Dementsprechend entschied das Bundesgericht mit Verweis auf die einschlägige Rechtslehre, dass es für die Ausübung des Vetorechts nicht nur bei luxuriösen (Art. 647e Abs. 2 ZGB), sondern auch bei bloss nützlichen Baumassnahmen (Art. 647d Abs. 2 ZGB) entweder einer schuldrechtlichen Grundlage (z. B. eines Sondernutzungsrechts) oder einer dinglichen Berechtigung (z. B. einer Dienstbarkeit) bedarf.  Demgegenüber hielt das Bundesgericht fest, dass eine bloss geduldete Nutzung oder ein bloss auf Zusehen hin gestatteter, grundsätzlich jederzeit widerrufbarer Gebrauch von gemeinschaftlichen Teilen weder bei nützlichen noch bei luxuriösen Baumassnahmen ein Vetorecht begründet.  Vor diesem Hintergrund liess es das Bundesgericht auch offen, ob die besagten Umgebungsarbeiten der Bank eher nützliche oder bereits luxuriöse bauliche Massnahmen sind (vgl. zu dieser Unterscheidung die Jus-News in der Immobilia-Ausgabe vom Oktober 2005). 

Der Stockwerkeigentümer A konnte vorliegend keine ausreichenden Beweise vorlegen, dass ihm ein solches Nutzungs- und Gebrauchsrecht eingeräumt wurde. Weil er insbesondere keinen ordnungsgemäss zustande gekommenen Beschluss der Stockwerkeigentümerversammlung in Form eines schriftlichen Zirkulationsbeschlusses oder eines mündlich gefassten und anschliessend protokollierten Beschlusses vorweisen konnte, wies das Bundesgericht seine Beschwerde ab.
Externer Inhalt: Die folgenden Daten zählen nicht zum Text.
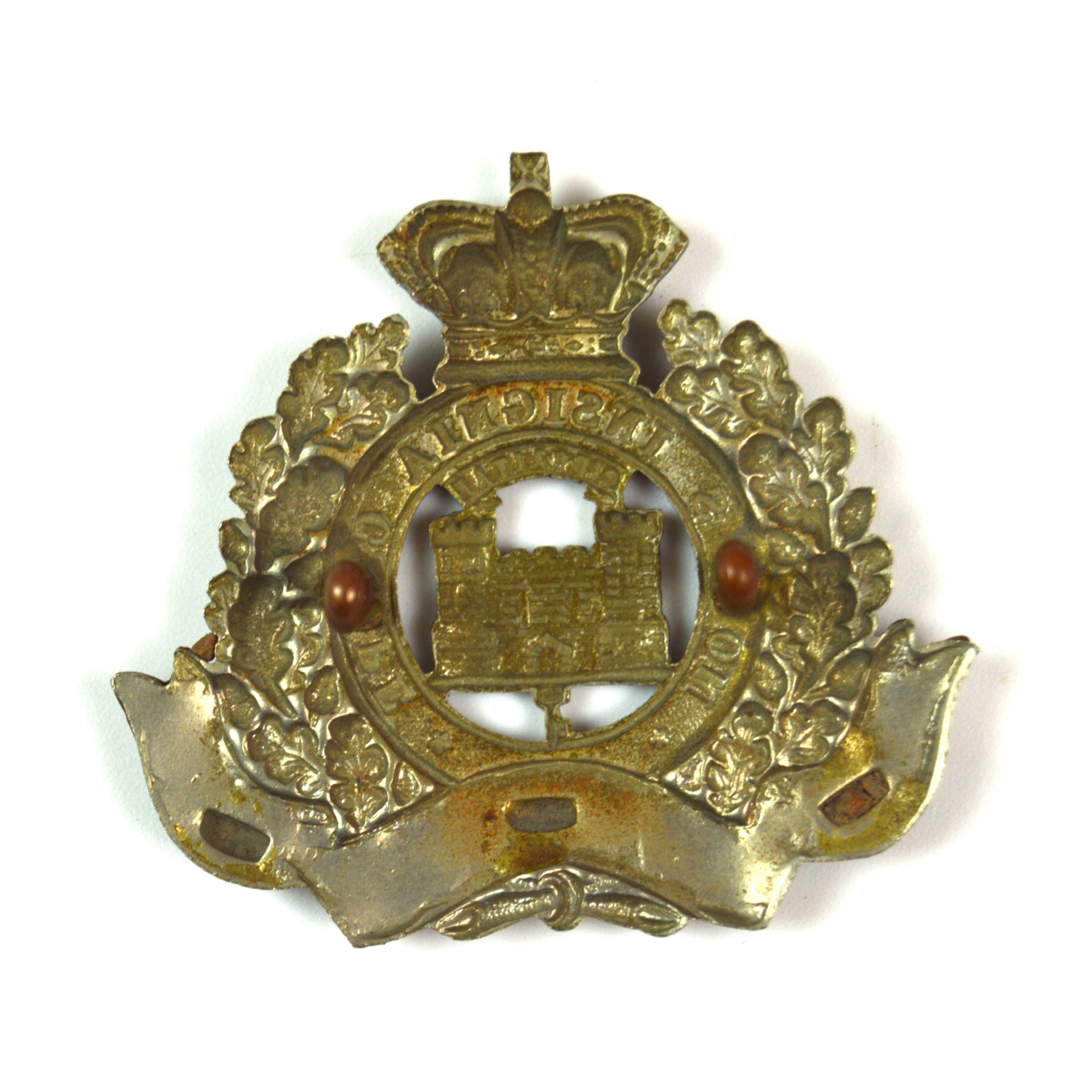 This pattern was worn during the regiment’s service in the late Victorian campaigns, including postings in India, Egypt, and South Africa during the Second Boer War. It was replaced after Queen Victoria’s death in 1901 with a King’s Crown variant. The reverse of the badge is fitted with original east–west copper lugs, correct for the period.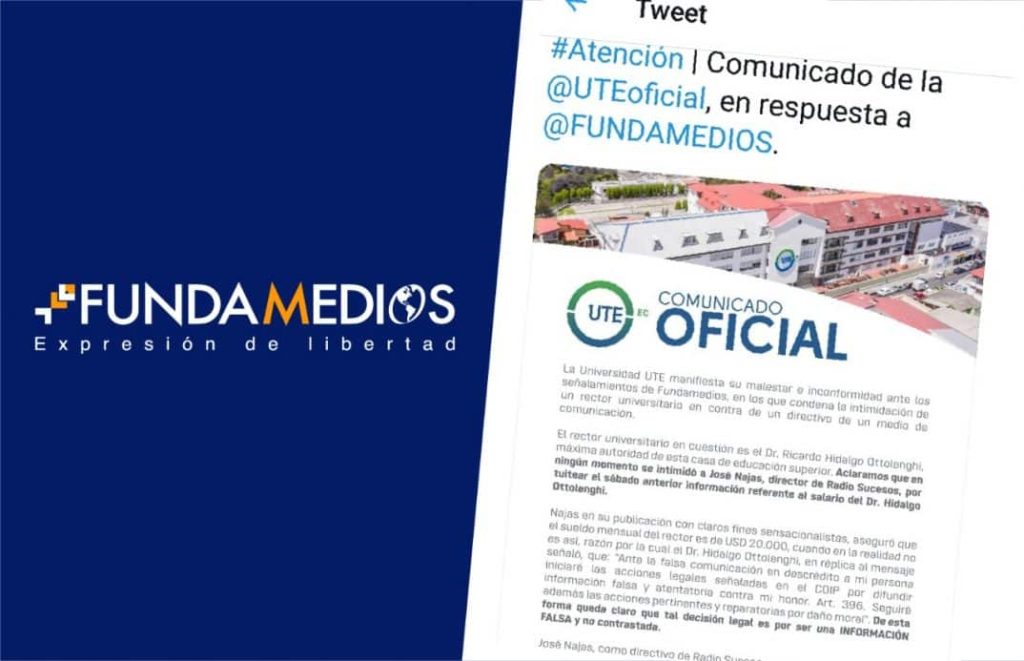 Ecuador, 14 de mayo, 2020.- Este jueves 14 de mayo, la organización emitió la alerta “Fundamedios condena la intimidación de un rector universitario en contra de un directivo de un medio de comunicación”. Ante esto, la Universidad UTE emitió un comunicado de rechazo.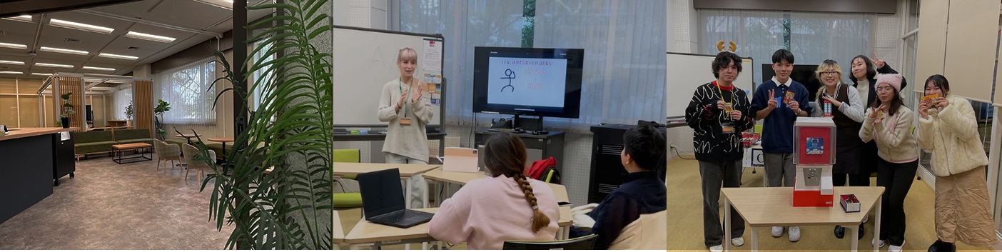 キャンパス内に設置されている部屋(対面バージョン)と、仮想空間としてアクセスできる部屋(オンラインバージョン)の2種類あり、語学力の向上はもちろん、国際感覚を培うことができます。
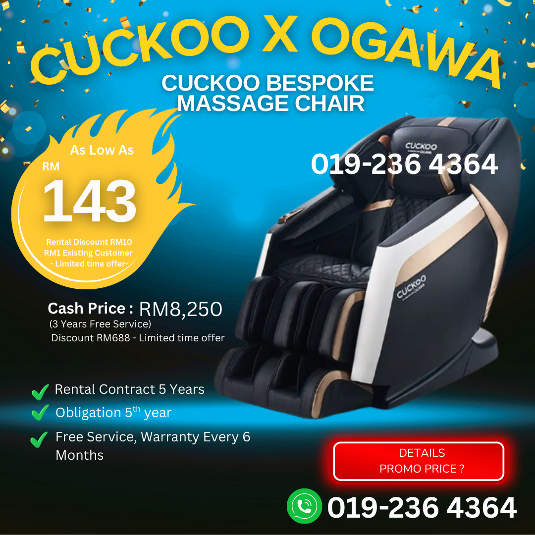 Cuckoo Kerjasama Dengan Ogawa Menghasilkan Kerusi Urut Premium Dengan Harga Lebih Mampu Milik Untuk Anda Seisi Keluarga Relax Dengan Urutan Sempurna Hanya Dirumah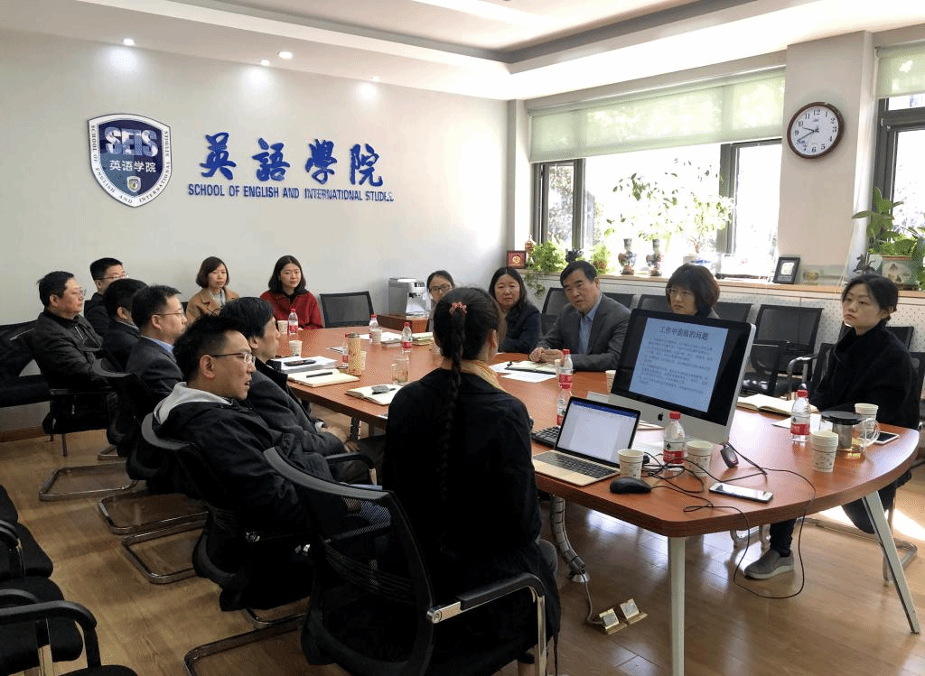 英语学院国际交流主管副院长谢韬代表学院就相关工作做以简要汇报。汇报从我院国际交流理念及措施入手,分别介绍了英语学院海外合作项目、来华留学生项目、教师出国进修、海外专家聘请及外事活动等情况,最后提出了学院现工作中面临的几点问题。与会人员就相关问题进行了深度探讨,包括如何解决留学生学籍管理、系统数据统计问题,外籍教师工资及国民化待遇问题,学院相关工作安排等。随后,英语学院院长张剑、党总支书记路兴、研究生教学主管副院长王展鹏、翻译方向负责人吴文安、本科教学主管赵冬等人也分别简述了学院目前相关工作情况及问题。

Zusammenfassung und Schlussfolgerungen

Das Bundesgericht stellte in seinem Entscheid klar, dass ein Stockwerkeigentümer zur Ausübung des Vetorechts nicht nur bei luxuriösen, sondern auch bei nützlichen baulichen Massnahmen eine dingliche Berechtigung oder ein von den anderen Stockwerkeigentümern rechtsgenügend eingeräumten Nutzungs- und Gebrauchsrecht haben muss.  Dieser Entscheid ist nachvollziehbar und sachgerecht, doch war diese Klarstellung notwendig, weil zumindest aus dem blossen Wortlaut von Art. 647d Abs. 2 ZGB (im Gegensatz zu Art. 647e Abs. 2 ZGB) nicht ohne weiteres hervorgeht, dass auch bei nützlichen baulichen Massnahmen ein solches Nutzungs- und Gebrauchsrecht für die Ausübung des Vetorechts vorausgesetzt wird.